Toyo University took the lead in the Tokyo-Hakone collegiate ekiden road relay on Wednesday after winning the race's first leg for the second year in a row.

Five runners from Toyo University, the 2014 champion and overall runner-up for the past three years, finished the front leg from Tokyo to Hakone, Kanagawa Prefecture, in 5 hours, 26 minutes, 31 seconds.

The first-day leaders, who ran the entire 107.5-km leg in second or better, go into Thursday's second and final leg 1 minute, 14 seconds ahead of Tokai University. Kokugakuin University placed third.

"I'm glad we were able to win the first leg for the second straight year," said Toyo University manager Toshiyuki Sakai. "Last year, we were only 36 seconds ahead (of the second-place team) but we have 74 seconds this time."

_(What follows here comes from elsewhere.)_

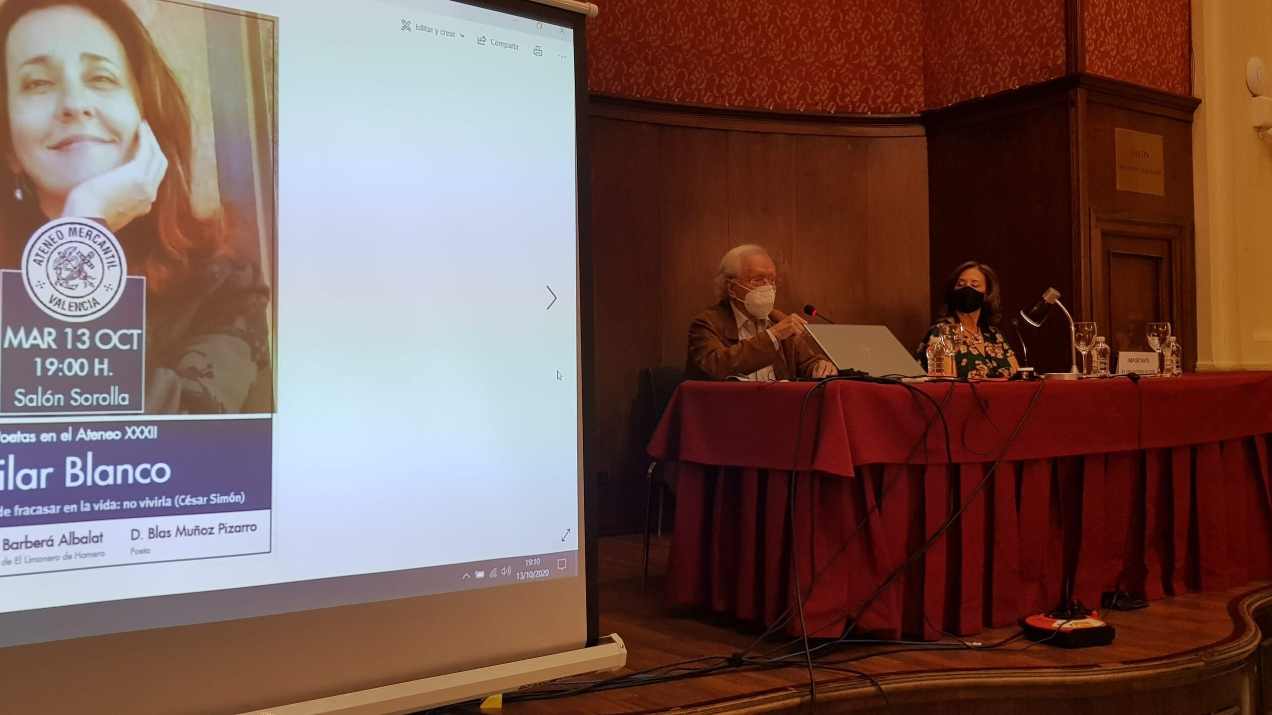 Pilar Blanco fue la siguiente poeta por desfilar por el Ateneo Mercantil. Profesora de Lengua y Literatura, poeta con mayúsculas, inventora de lenguaje, Pilar Blanco es autora de un buen número de poemarios, entre ellos 'La luz herida', 'Raíces de sangre' o la antología 'Con la cal en los dedos'. Y ha logrado sustanciosos galardones. Como el Francisco de Quevedo por 'Vocabulario íntimo', el Miguel Hernández por 'Ceniza' o el San Juan de la Cruz por 'El jardín invisible'.

"The runners competing in the first five sections pulled off their best performance," he added.

Aoyama Gakuin University, which is aiming to become the third school in history to pull off a five-peat, held the lead after the third leg but finished sixth. The private Tokyo university has registered seven runners from last year's championship squad to their 16-member team this year.

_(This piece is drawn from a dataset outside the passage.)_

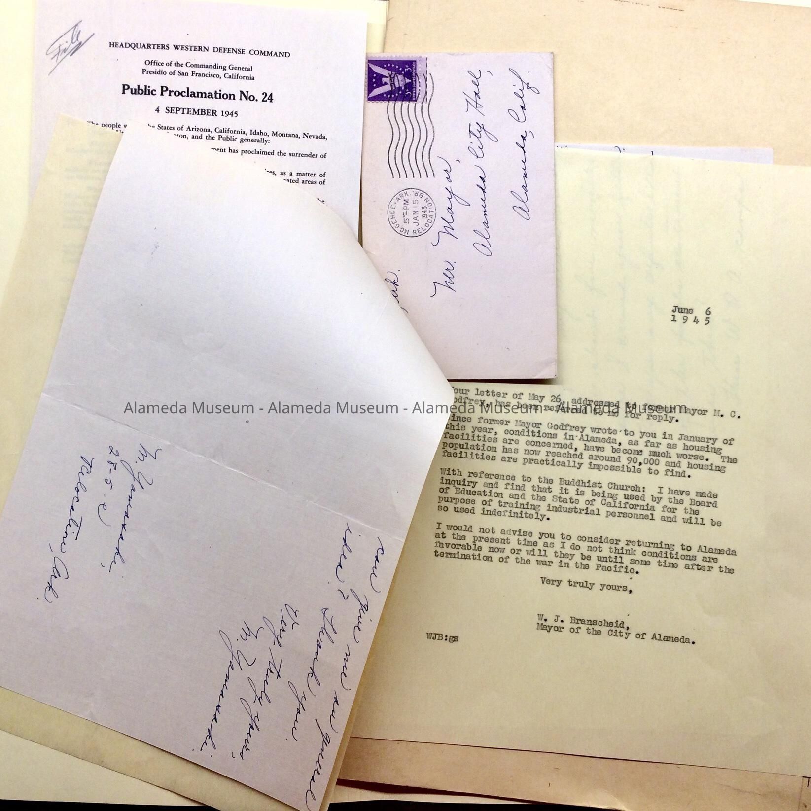 History of Object: Copy of Public Proclamation No. 24, September 1945, rescinding the ‘exclusion’, and two letters from Mr. M. Yamasaki, to the Mayor, first from January 1945 then May, asking opinion about returning to Alameda. Mayor Godfrey (January), and Mayor Braunscheid (June) discouraged Mr. Yamasaki, claiming difficulty in finding housing because of increase of population because of the military personnel. Also stating that the Buddhist Mission was indefinitely being used as training facility for industrial personnel, and suggesting the family wait until after the war.

Kazuya Nishiyama gave Toyo University an early one-second lead after finishing the first section in front for the second straight year.

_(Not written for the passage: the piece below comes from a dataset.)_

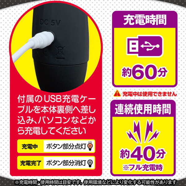 パッケージ:23.4×7.4×5.5cm 本体:全長17.5cm・ヘッド高さ4.0cm・ヘッド幅3.7cm セット内容:本体、充電ケーブル USB充電式

Aoyama Gakuin captain Homare Morita filled in for the school's third scheduled runner and rewrote the section's record to bring the university from behind in eighth place into first.

But the defending champions fell back again when Toyo's Akira Aizawa broke the fourth section's record to reclaim the lead, and Ryusei Tanaka closed out the first leg on top and put his team in prime position for its first championship in five years.